## Input data
================

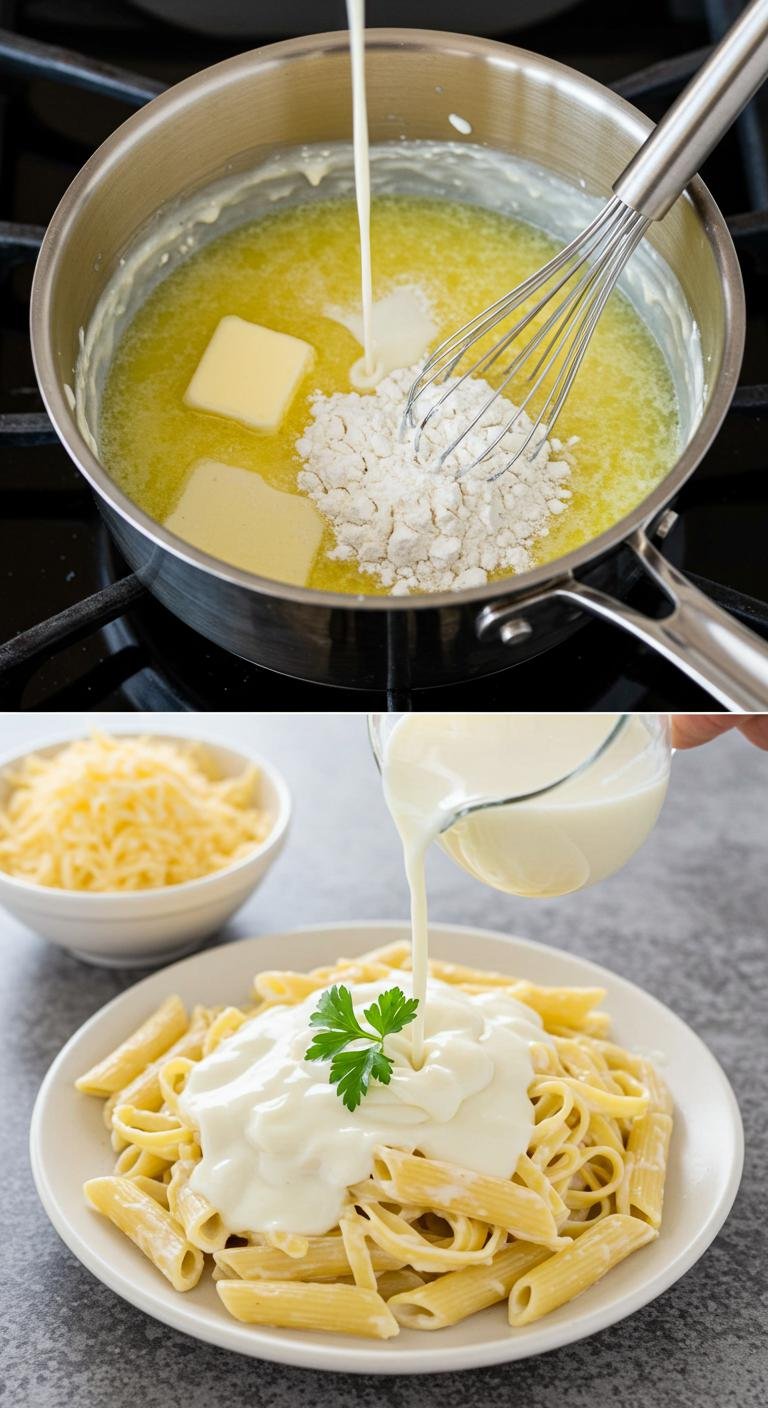 - Gradually pour in the milk and heavy cream, whisking continuously until the sauce thickens, about 3-5 minutes.
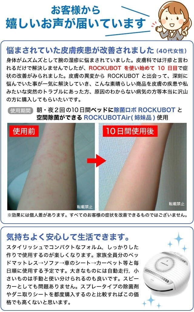 2021/07/29 09:00皆様こんにちは!温かいご支援、誠にありがとうございます。約1か月に及ぶプロジェクトも明日23:59で終了となります。ウイルス対策が気になる毎日であることはもちろんなのですが、最近、ダニについて多くのお問い合わせを頂くので簡単にまとめさせて頂きます。畳にも使えますか?という質問を頂きましたが、もちろんお使い頂けます!!(コンパクトサイズのロボなので、お部屋全体をするにはある程度お時間はかかりますが)除菌ロボROCKUBOT、ダニに対する効果検証は(株)愛研様に依頼して検証してもらっています。約3週間の検証で、ヤケヒョウヒダニについてどれだけ効果があるのか調べました。【検査方法】それぞれ200匹のダニに対して①一つはなにもしない②もう一つは毎日除菌ロボを使用除菌ロボを未使用の媒体①は、なんと3週間で600匹までダニが増えました(恐ろしい・・・)一方毎日使用した②の媒体は、200匹のダニが14匹まで減少したという結果が出ました。つまりダニの増殖抑制効果は97.6%。何もしなければ3週間で3倍に増えるという驚異のダニの増え方にも驚きました。ダニの主食は、髪の毛やフケ、アカ、食べカスなど、このようなエサが豊富にあるご家庭では増殖スピードはもっとすごいものになるかと予想されます。布団を干すのは大変な作業ですよね・・・またベッドのマットレスのケアもまた悩むところだと思います。除菌ロボROCKUBOTのUVCは太陽光の1600倍の力があります。お布団を干すより、断然ダニ対策の効果があります。そして何より、ボタン一つで全自動で動いてくれるので楽々布団ケアができるのです。40分で自動停止機能もついておりますので、お出かけ前にピッとボタンを押していけば、除菌されたお布団で寝ることができます。(目安はシングルサイズで約20分)天気も時間も気にせずに、ダニ対策はぜひROCKUBOTにお任せください!一つ注意点は、1回(短期間)の使用ではあまり効果がわからないと思いますので、継続的にご使用くださいませ。毎日でなくても大丈夫ですので、定期的な使用をおすすめします。また吸引機能はついておりませんので、ダニの死骸が気になる方はコロコロや掃除機などをご利用ください。ダニアレルギーなどがない方、ダニを死滅させるだけでも十分お布団ケアとしては意味があることだと思います。化学薬品を使わないダニ対策、ぜひ試して頂きたいと思います。長くなり申し訳ございません。最後までどうぞ温かいご支援、よろしくお願い致します。株式会社EGLOKINAWA 物販プロジェクトチームマネージャー もっと見る
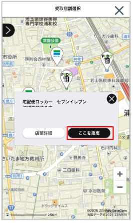 私の家の近くでは、セブンイレブンとファミリーマートが表示されていました。後はボタンを押して受け取り店舗を選択すれば完了。
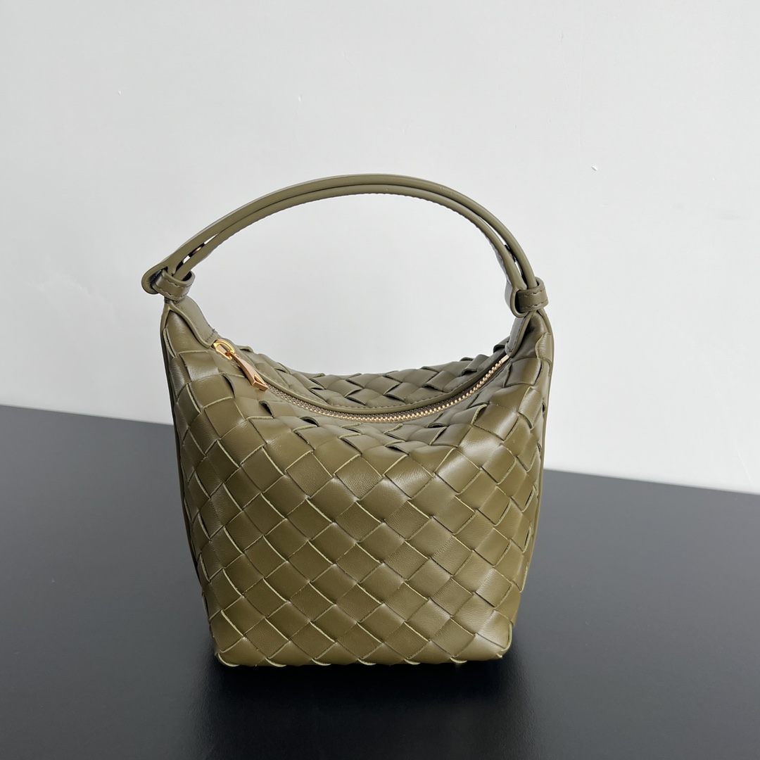 보테가의 인트레치아토 기법으로 제작된 미니 백입니다. 고급 소가죽 소재로 광택이 뛰어나며, 귀여운 디자인이 매력적입니다.

================

## Goal of the exercise
Give the listing again exactly, excluding pictures.

## Response area
 - Gradually pour in the milk and heavy cream, whisking continuously until the sauce thickens, about 3-5 minutes.
 2021/07/29 09:00皆様こんにちは!温かいご支援、誠にありがとうございます。約1か月に及ぶプロジェクトも明日23:59で終了となります。ウイルス対策が気になる毎日であることはもちろんなのですが、最近、ダニについて多くのお問い合わせを頂くので簡単にまとめさせて頂きます。畳にも使えますか?という質問を頂きましたが、もちろんお使い頂けます!!(コンパクトサイズのロボなので、お部屋全体をするにはある程度お時間はかかりますが)除菌ロボROCKUBOT、ダニに対する効果検証は(株)愛研様に依頼して検証してもらっています。約3週間の検証で、ヤケヒョウヒダニについてどれだけ効果があるのか調べました。【検査方法】それぞれ200匹のダニに対して①一つはなにもしない②もう一つは毎日除菌ロボを使用除菌ロボを未使用の媒体①は、なんと3週間で600匹までダニが増えました(恐ろしい・・・)一方毎日使用した②の媒体は、200匹のダニが14匹まで減少したという結果が出ました。つまりダニの増殖抑制効果は97.6%。何もしなければ3週間で3倍に増えるという驚異のダニの増え方にも驚きました。ダニの主食は、髪の毛やフケ、アカ、食べカスなど、このようなエサが豊富にあるご家庭では増殖スピードはもっとすごいものになるかと予想されます。布団を干すのは大変な作業ですよね・・・またベッドのマットレスのケアもまた悩むところだと思います。除菌ロボROCKUBOTのUVCは太陽光の1600倍の力があります。お布団を干すより、断然ダニ対策の効果があります。そして何より、ボタン一つで全自動で動いてくれるので楽々布団ケアができるのです。40分で自動停止機能もついておりますので、お出かけ前にピッとボタンを押していけば、除菌されたお布団で寝ることができます。(目安はシングルサイズで約20分)天気も時間も気にせずに、ダニ対策はぜひROCKUBOTにお任せください!一つ注意点は、1回(短期間)の使用ではあまり効果がわからないと思いますので、継続的にご使用くださいませ。毎日でなくても大丈夫ですので、定期的な使用をおすすめします。また吸引機能はついておりませんので、ダニの死骸が気になる方はコロコロや掃除機などをご利用ください。ダニアレルギーなどがない方、ダニを死滅させるだけでも十分お布団ケアとしては意味があることだと思います。化学薬品を使わないダニ対策、ぜひ試して頂きたいと思います。長くなり申し訳ございません。最後までどうぞ温かいご支援、よろしくお願い致します。株式会社EGLOKINAWA 物販プロジェクトチームマネージャー もっと見る
 私の家の近くでは、セブンイレブンとファミリーマートが表示されていました。後はボタンを押して受け取り店舗を選択すれば完了。
 보테가의 인트레치아토 기법으로 제작된 미니 백입니다. 고급 소가죽 소재로 광택이 뛰어나며, 귀여운 디자인이 매력적입니다.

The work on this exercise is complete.